6,493,328 bytes maximum slop
We also need an extra event for slop, probably emitted rarely.
45 MB total memory in use
The "total memory in use" is stored in the mblocks_allocated global var. Check how often it changes and emit accordingly.
(0 MB lost due to fragmentation)
Fragmentation is calculated in the RTS -s code as follows:
(peak_mblocks_allocated * BLOCKS_PER_MBLOCK * BLOCK_SIZE_W - hw_alloc_blocks * BLOCK_SIZE_W) / (1024 * 1024 / sizeof(W_))
so it's a difference between total memory allocated from the OS (peak_mblocks_allocated), and total memory in use by the GC and other parts of the RTS (hw_alloc_blocks). Presumably, all the events needed so far are of the latter kind, so the former may need a new event.
Tot time (elapsed) Avg pause Max pause Gen 0 448 colls, 0 par 0.04s 0.04s 0.0001s 0.0016s Gen 1 5 colls, 0 par 0.07s 0.07s 0.0149s 0.0386s
The current GC events (in particular RequestParGC) seem to be enough to distinguish between seq and par GC. We'd need to split the current GC events into generations, though, to report for every generation separately. Note that we don't want to report the CPU time, only the elapsed time, and that's fine.
Parallel GC work balance: 1.00 (6391526 / 6375794, ideal 2)
This is computed in a quite convoluted way in the +RTS -s code. Ask JaffaCake? if it could be simplified. The current computation seems to be the following: total words copied during parallel GCs divided by the average over all parallel GCs of maximal number of words copied by any thread in a single par GC. Events needed: the events added above probably suffice, but quite a bit of extra state will have to be maintained when reading the events, especially if we want to stick to the current, complex computation.
MUT time (elapsed) GC time (elapsed) Task 0 (worker) : 0.04s ( 0.38s) 0.13s ( 0.17s) Task 1 (worker) : 0.00s ( 0.55s) 0.00s ( 0.00s) Task 2 (bound) : 0.41s ( 0.41s) 0.13s ( 0.13s) Task 3 (worker) : 0.00s ( 0.55s) 0.00s ( 0.00s)
Ask JaffaCake? how the "tasks" relate to the "threads" for which we generate events.

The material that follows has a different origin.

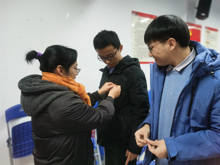 仪式开始,全体起立奏唱《中华人民共和国国歌》。支部书记汪玉玲领誓,2020年下半年入党的预备党员全体起立庄严宣誓,“我志愿加入中国共产党……”,庄严的宣誓表达了新党员对党的忠贞与赤诚之心。 宣誓结束后,四位支部书记为新党员佩戴了党徽,将责任与使命传递到每位新党员心中,指引着新党员要增强党员责任意识,要为党旗增彩,为党徽增光。

For now, to the existing GC events we can add the info about which task does the job, but we may miss something this way. BTW, ask JaffaCake? if the time between event GCIdle and GCWork is included in the GC time of the task or not. Generally, is GCIdle useful for us here in any way? Similarly, can we calculate the MUT (elapsed) times just but taking the total time a thread (or cap?) is run and subtracting the GC time and any pauses (and are all pauses visible through events we have already?).

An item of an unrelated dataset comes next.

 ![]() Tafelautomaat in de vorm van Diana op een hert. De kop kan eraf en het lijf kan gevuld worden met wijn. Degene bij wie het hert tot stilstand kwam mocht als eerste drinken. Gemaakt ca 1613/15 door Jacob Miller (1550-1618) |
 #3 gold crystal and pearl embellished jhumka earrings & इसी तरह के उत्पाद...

SPARKS: 300001 (17739 converted, 282262 overflowed, 0 dud, 0 GC'd, 0 fizzled)
Tell JaffaCake? that the example and description for the SPARKS count at
needs updating (not sure for which GHC version, though). Otherwise, we have enough events for that (we calculate this using the SparkCounters? events, but we could also use the precise per-spark events).
INIT time 0.00s ( 0.00s elapsed) MUT time 0.42s ( 0.41s elapsed) GC time 0.29s ( 0.13s elapsed) EXIT time 0.00s ( 0.00s elapsed) Total time 0.71s ( 0.55s elapsed)

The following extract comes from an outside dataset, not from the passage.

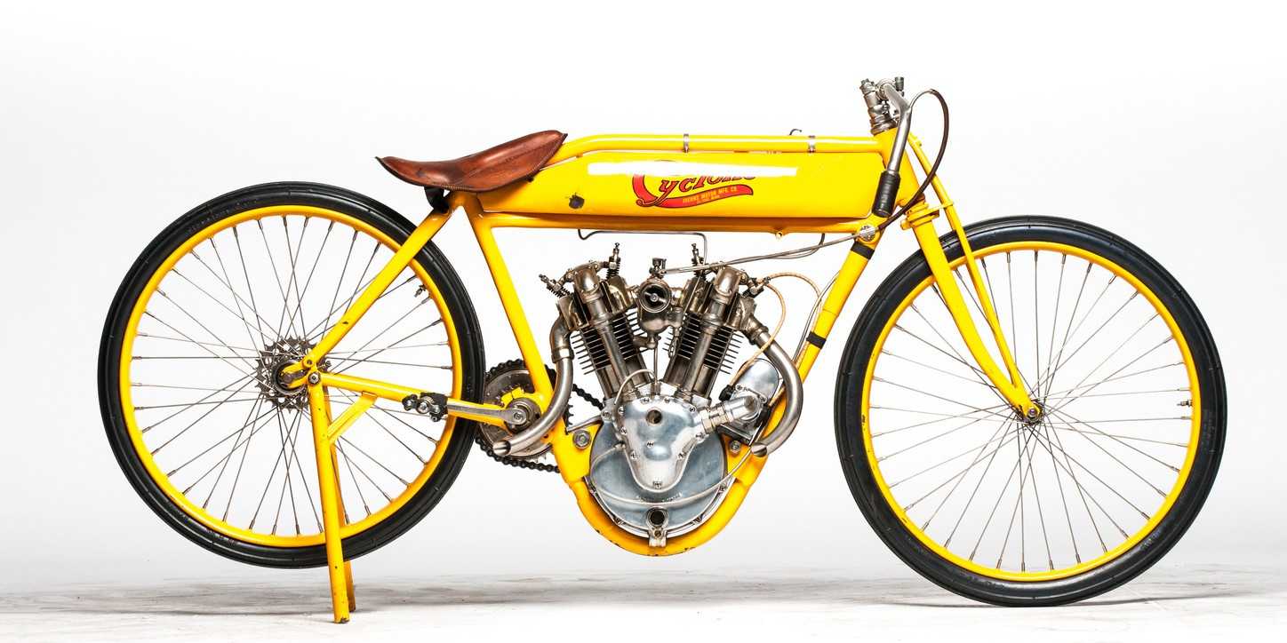 На втором месте находится Cyclone Board Track Racer, 1915 года выпуска, проданный из личной коллекции Стива МакКуина за 852.000$. В год своего выпуска этот мотоцикл имел самый продвинутый двухцилиндровый V-образный двигатель, объёмом 999,6 см3, способный разгонять байк до 178 км/ч. И да, у этого трекового мотоцикла, по традиции тех времён, не было тормозов!

(Note that there may be more times listed above, e.g., the time overhead of profiling.) We can sum up the GC time from GC events. We'd also like to have the MUT figure, but it's not obvious if we can manage to get it from all the thread (task) events that we have (or add above). It's also not clear if adding events needed to get the other times is worth it. After any extra events are added, let's see if we can get any more of these summary times, perhaps by adding a minor event emitted just once. Note that the INIT time is necessary for the Productivity figure below (INIT does not count as "productive time" in +RTS -s)..
%GC time 89.5% (75.3% elapsed)
This line does not appear in threaded RTS, so we disregard it.
Alloc rate 564,074,971 bytes per MUT second
The events added above should suffice, except that we use elapsed time, not CPU time.
Productivity 59.0% of total user, 76.6% of total elapsed
The events added above should be enough. Again. we only do the elapsed case. Ask JaffaCake? if it's OK that the "% of total elapsed" in +RTS -s is actually the CPU time divided by elapsed time, not elapsed divided by elapsed.